The Director of the Education Research Center at the University of Macau, Zhou Mingming, said last March that “parents are concerned about issues such as children’s self-regulation and whether virtual classes will be as effective as face-to-face learning. Some parents are obliged to supervise virtual classes and homework,” she added.

“Technology and, in the case of our discussion, technologies for synchronous online classes provide greater contact between teaching actors. As we have seen, this deeper contact, this sharing of intimacies, is not always necessarily friendly or productive, although it can be it,” defends Professor Julio Reis Jatobá, University of Macau, in a chapter of a book published a few weeks ago.

“In short, technology in the Portuguese as a Foreign Language classroom [the subject of his research] is not a trend, it is an unavoidable reality, which we will not get rid of as soon as the pandemic is under control and a return to the dreamed of ‘normality’ is possible,” also understands this element of the Department of Portuguese, Faculty of Arts and Humanities.

“There still remains an elusive and deceptively simple question to be answered,” adds the researcher in the final considerations: “How to make technology in (post)covidian times a more human resource, which fosters one of the basic objectives of learning language: interaction with the Other?”


Hybrid teaching

At local universities, the second semester of the 2019/20 academic year (February to June) ended up taking place in the distance learning mode.

From then on, tertiary education institutions started to offer both in-person classes and online classes at the same time. This was mostly because there were so many overseas students who couldn’t get into the city.

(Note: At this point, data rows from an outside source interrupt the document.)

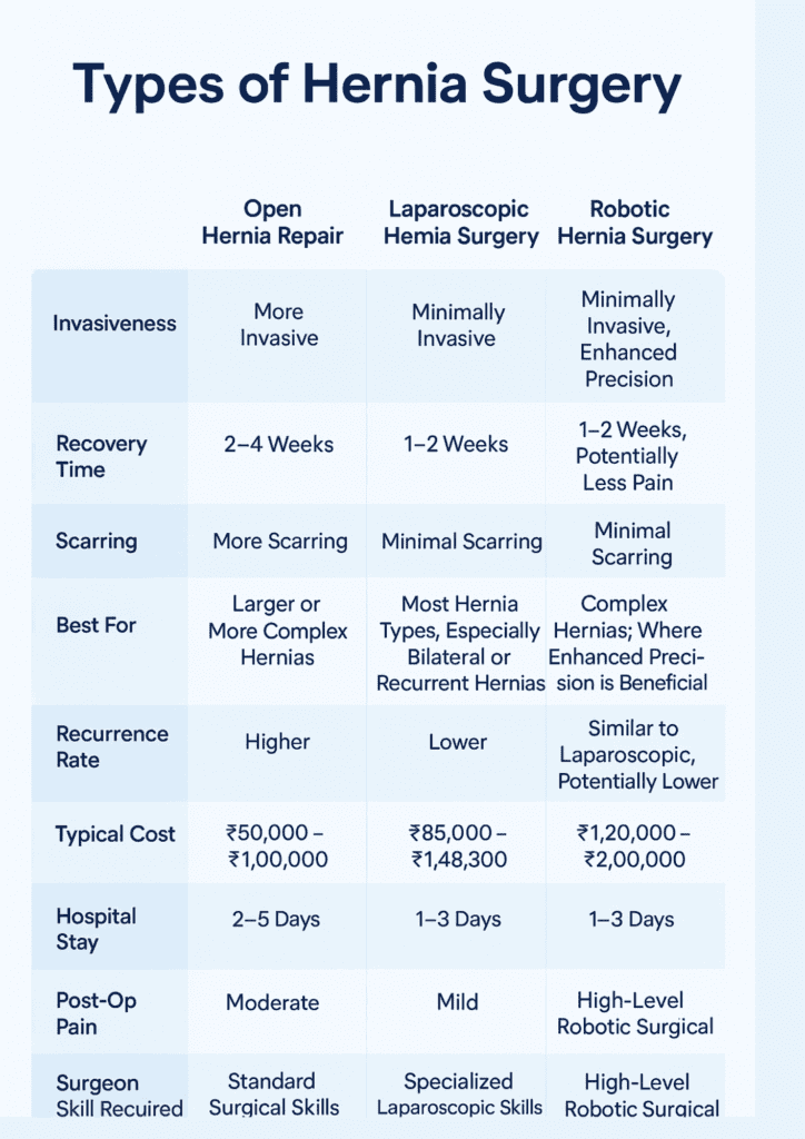 For larger or complex hernias, traditional open repair may be recommended. Though it involves a slightly longer recovery time, it remains highly effective when performed by an experienced surgeon.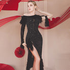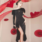 Vestido de baile latino negro para mujer YJFY, ropa de baile, vestido de entrenamiento y actuación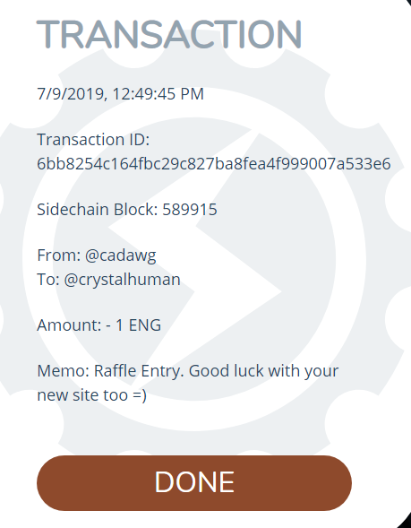 Sent 1 ENG to your account for 1 entry into the raffle.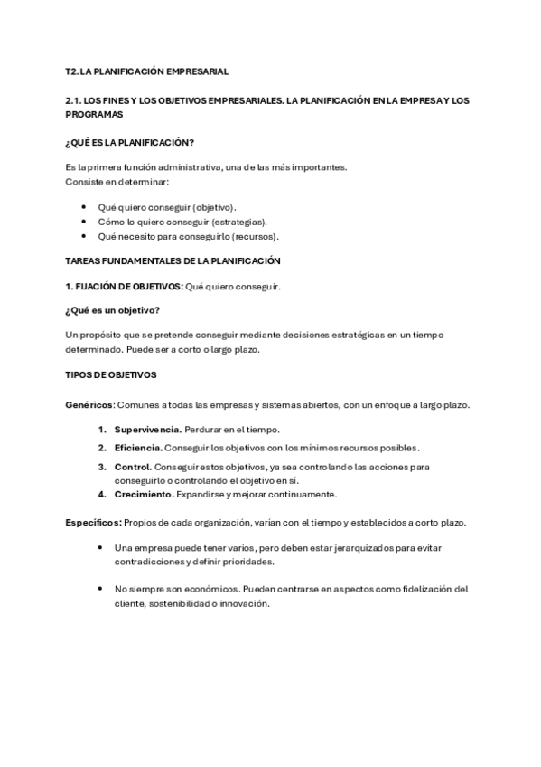 Apuntes de Tema 2: La planificación empresarial - Administración de la Empresa (2º cuatrimestre, 1º de ADE)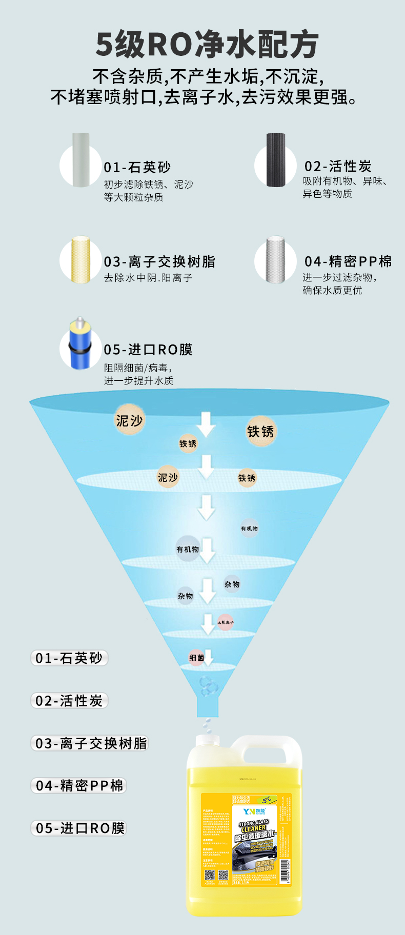 本品为水基型特效除虫渍、树粘、油膜玻璃水,专用于清洁汽车挡风玻璃、后视镜及车门窗等,能迅速分解油膜、虫胶、树粘、鸟粪等污渍,彻底清洁玻璃表面,长期保持玻璃透明晶亮,使视野更加开阔,不留水痕,不易粘灰,不伤雨刷片、玻璃边条、车漆。强力配方,使用简单。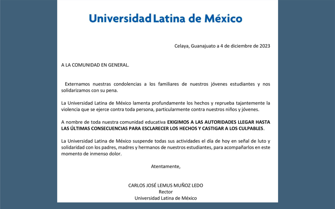 CELAYA, Gto.- La Universidad Latina de México, a través de un comunicado de prensa en su página oficial, dio las condolencias a familiares y amigos de los jóvenes estudiantes asesinados el domingo por la tarde, quienes fueron encontrado en el interior de un vehículo en el camino viejo a El Salitre.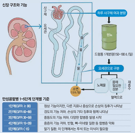 신장의 기능은 사구체여과율로 측정한 뒤 5단계로 구분하는데, 3단계부터는 고혈압, 빈혈, 전해질 이상이 나타나기 시작하며, 4~5단계는 합병증 관리와 투석이 필요하다(그림3).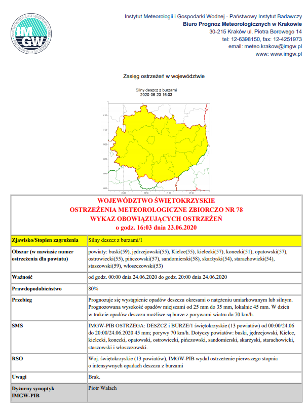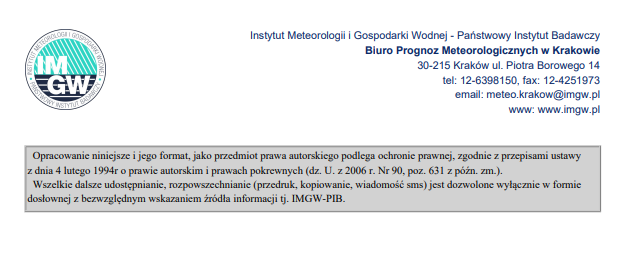 Uwagi: W przypadku istotnych zmian w czasie lub przebiegu zjawiska Ostrzeżenie może ulec zmianie.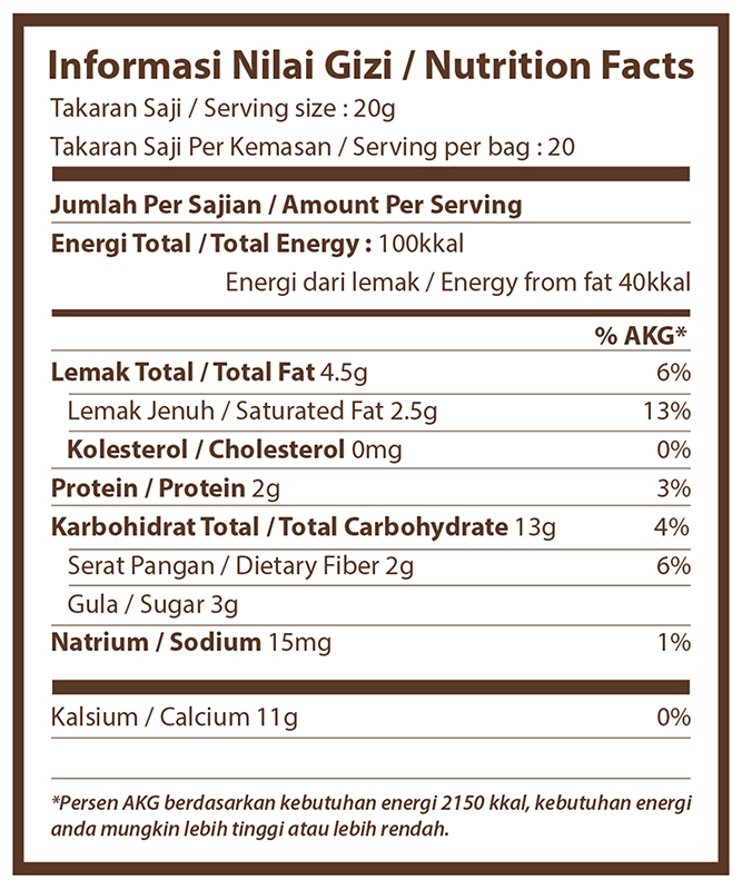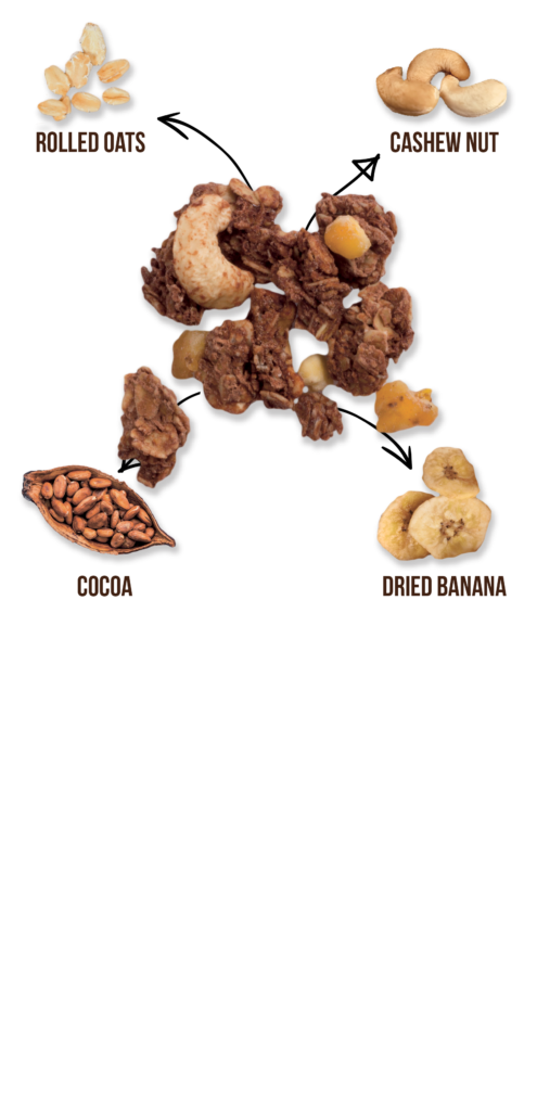 Rolled oats, coconut sugar, sugar cane (contains sulfite), coconut oil, cashew, dried banana (4.4%), dark chocolate compound (3.3%), rice flour, desiccated coconut, cocoa powder (2%), sea salt.
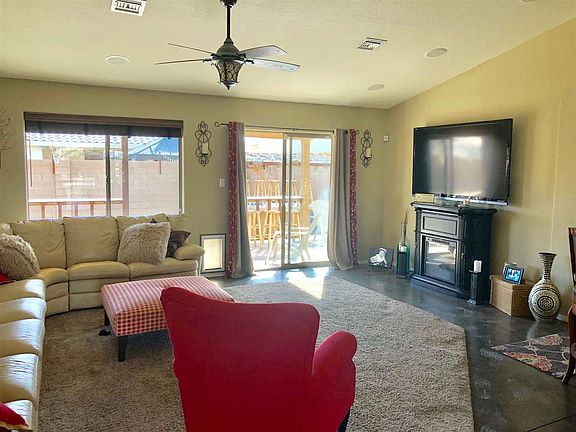 ONE OF A KIND FALLS RANCH HOME. STAINED CONCRETE FLOORS THROUGHOUT. VAULTED CEILINGS, SURROUND SOUND IN LIVING ROOM AND ON PATIO. SPLIT FLOOR PLAN WITH LARGE MASTER SUITE FEATURING UPGRADED TILE SHOWER, DOUBLE SINKS AND WALK IN CLOSET. REFINSHED CABINETS IN KITCHEN AS WELL AS BOTH BATHROOMS. BACKYARD IS READY FOR THE BEST PARTIES ON THE BLOCK. BUILT IN BAR WITH SEATING FOR 30 PEOPLE, TONS OF STAMPED CONCRETE AS WELL AS A NATURAL GAS FIREPIT. DOUBLE GATES FOR RV PARKING AND EXTRA PARKING IN FRONT.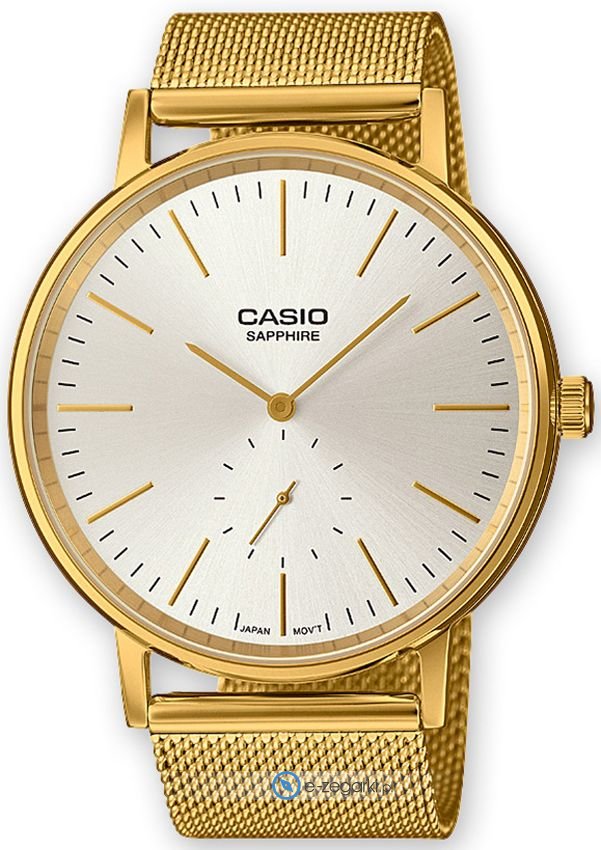 Zegarek LTP-E148MG-7AEF posiada kwarcowy mechanizm zasilany tradycyjną baterią. Bransoleta zrobiona ze stali nierdzewnej gwarantującej wysoką jakość i trwałość, odporność na korozję oraz działanie czynników atmosferycznych. Dodatkowo bransoleta została pokryta powłoką PVD.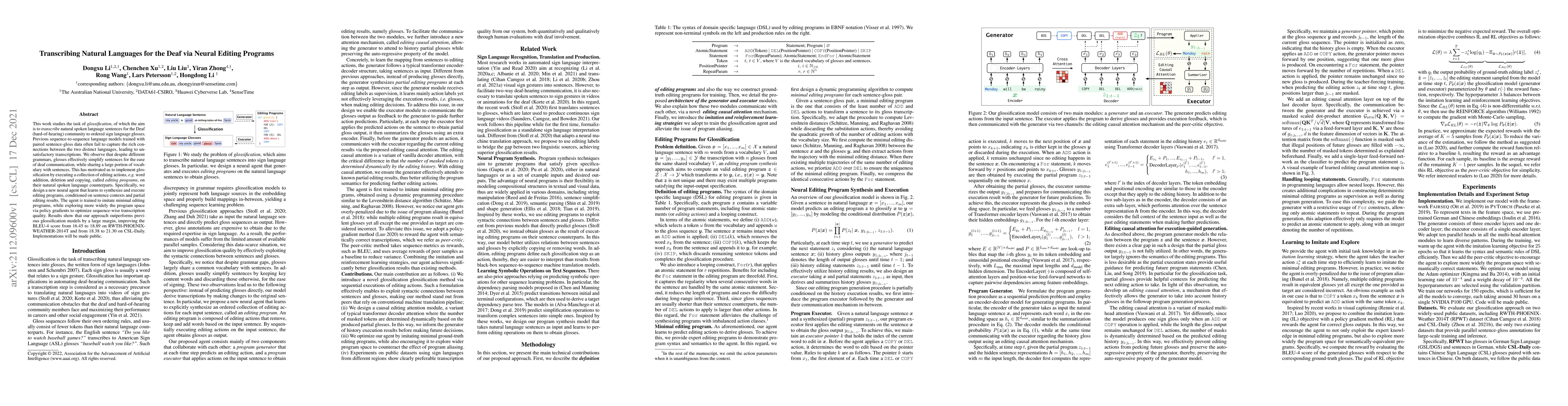 This work studies the task of glossification, of which the aim is to em transcribe natural spoken language sentences for the Deaf (hard-of-hearing) community to ordered sign language glosses. Previous sequence-to-sequence language models trained with paired sentence-gloss data often fail to capture the rich connections between the two distinct languages, leading to unsatisfactory transcriptions. We observe that despite different grammars, glosses effectively simplify sentences for the ease of deaf communication, while sharing a large portion of vocabulary with sentences. This has motivated us to implement glossification by executing a collection of editing actions, e.g. word addition, deletion, and copying, called editing programs, on their natural spoken language counterparts. Specifically, we design a new neural agent that learns to synthesize and execute editing programs, conditioned on sentence contexts and partial editing results. The agent is trained to imitate minimal editing programs, while exploring more widely the program space via policy gradients to optimize sequence-wise transcription quality. Results show that our approach outperforms previous glossification models by a large margin.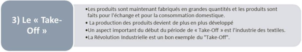 Le temps est facteur décisif dans le développement, Donc il propose les 5 étapes pour effectuer le décollage :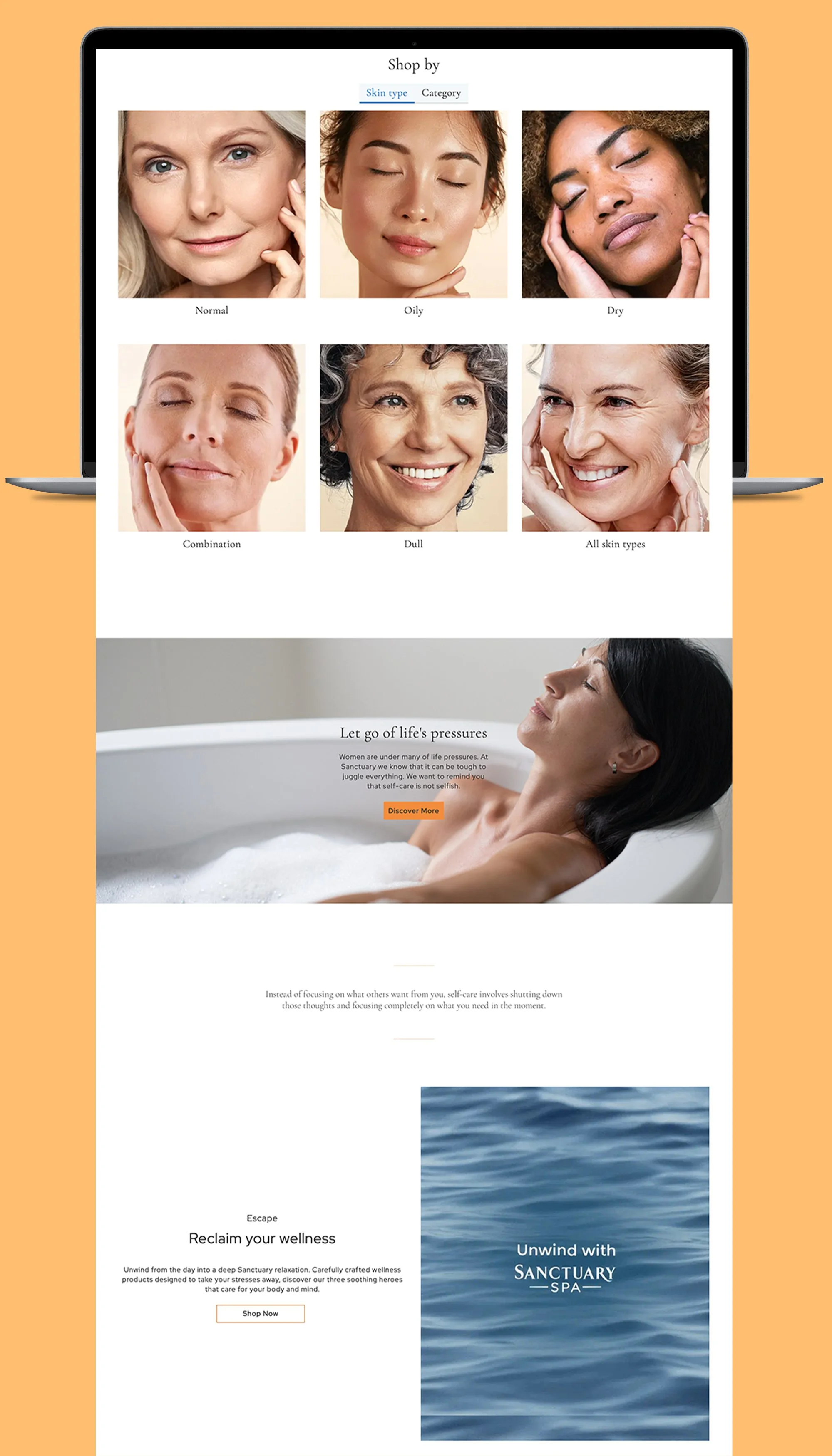 The brief was to reimagine the Sanctuary Spa DTC as a digital spa experience that immersed consumers in a world of wellness, in which they could easily discover the brand and products. I creatively lead the project which also included art direction of new product and swatch photography, and the curation of brand world imagery and video to collectively create a sensory, calming yet informative and engaging digital environment.

A research project conducted by a group of four Honours College students, supervised by Edmond Yeung, then attached to the University of Macau, carried out a study on this hybrid system, having listened to teachers and students.

Teachers reported that “they have difficulties in engaging both online and offline students at the same time while manipulating all technology” because “the physical and mental load of the teachers was greatly increased.” In addition, “to ensure that the learning outcomes of online students were met, some teachers had to set aside extra time to repeat the concept separately for their online students.”

Regarding technological challenges, “teachers expressed that hybrid teaching was indeed a mix of two shows at the same time.” As hybrid teaching requires the right equipment and knowledge to manage it, “unfortunately, such needs were too overwhelming to be met in the period of the study. Thus, the teachers and their teaching assistants had to deal with most of the technical challenges by themselves.”

From the view of the students, “the thing that put online students off was being ignored. Problems include the inability to listen to the instructors, not able to get responses from the instructor immediately, and even could not interact with their classmates who were wearing masks.”

So, concludes the study, “hybrid teaching requires a good structure and a good balance together.”